You’ve undoubtedly seen the work of Japanese art superstar Yoshitomo Nara before, even if it was just by idly flipping through those Oh My God! I Miss You! Postcards that hung around the Gosh! counter some time ago. Nobody’s Fool is the name of his first major New York retrospective exhibition, showcasing stuff from his early career in the 1980s right up ‘til the shiny new stuff of now. As you can see in these photographs from the gallery, there are paintings, sculptures, drawings, enormous installations, ceramics, the lot. And they’re all in the lovely slip-cased hardcover I can see on the shelf already.

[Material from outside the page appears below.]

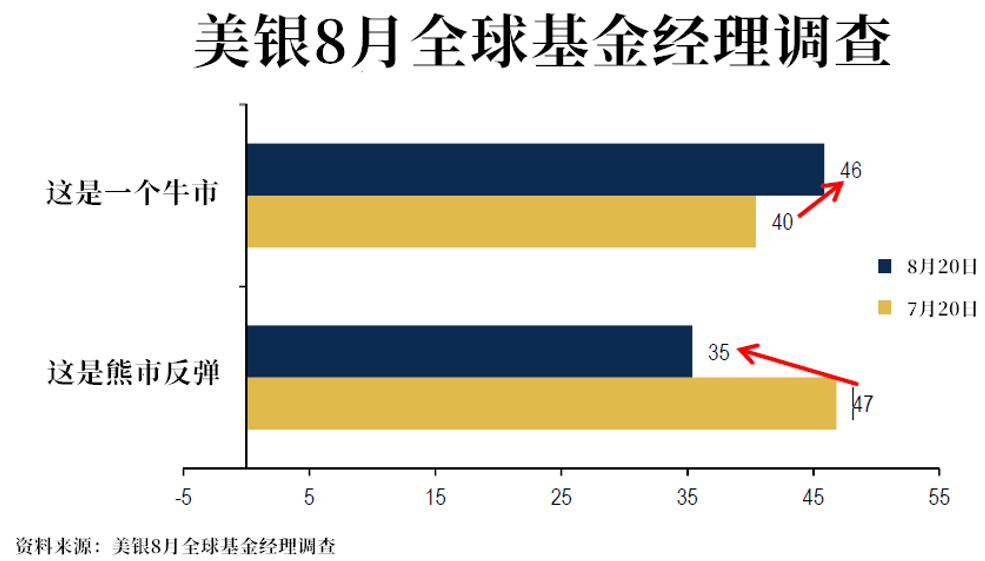 美银的Michael Hartnett等策略师表示,美银8月全球基金经理调查结果显示,当前基金经理的看涨情绪为2020年2月以来最强,但是他们的持仓并未达到“极端危险看涨”的地步。整体来看,基金经理们对股市和经济的看法更显乐观了。该调查中有46%的投资者表示“这是一个牛市”,高于7月调查时的40%。受访者认为长期牛市是股市价格上涨的主要原因,未来可能会有短暂的回调。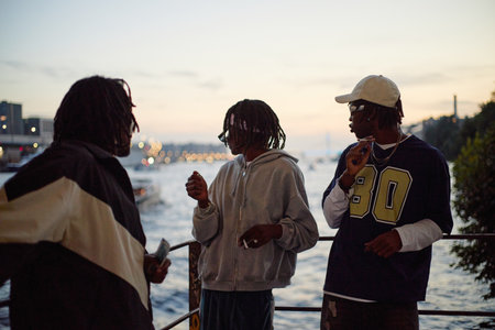 Three young adult men standing outdoors near waterfront, engaging in conversation, cityscape and water visible in background

AX is Japan’s greatest magazine for alternative comics and has been published bi-monthly since 1998. The stuff you find in AX is innovative, experimental, personal, and entirely in Japanese. This week Top Shelf give you a 400-page collection of selected stories that have appeared over the last ten years, all translated for the very first time. Editor Sean Michael Wilson talks to Things From Another World about what to expect here, and there’s a preview here. It even features an introduction by Paul “Man at the Crossroads” Gravett who is, incidentally, appearing tonight in conversation with Flemish author Judith Vanistendael. If you’re anywhere in the vicinity of Curtain Road you’d best go say hello.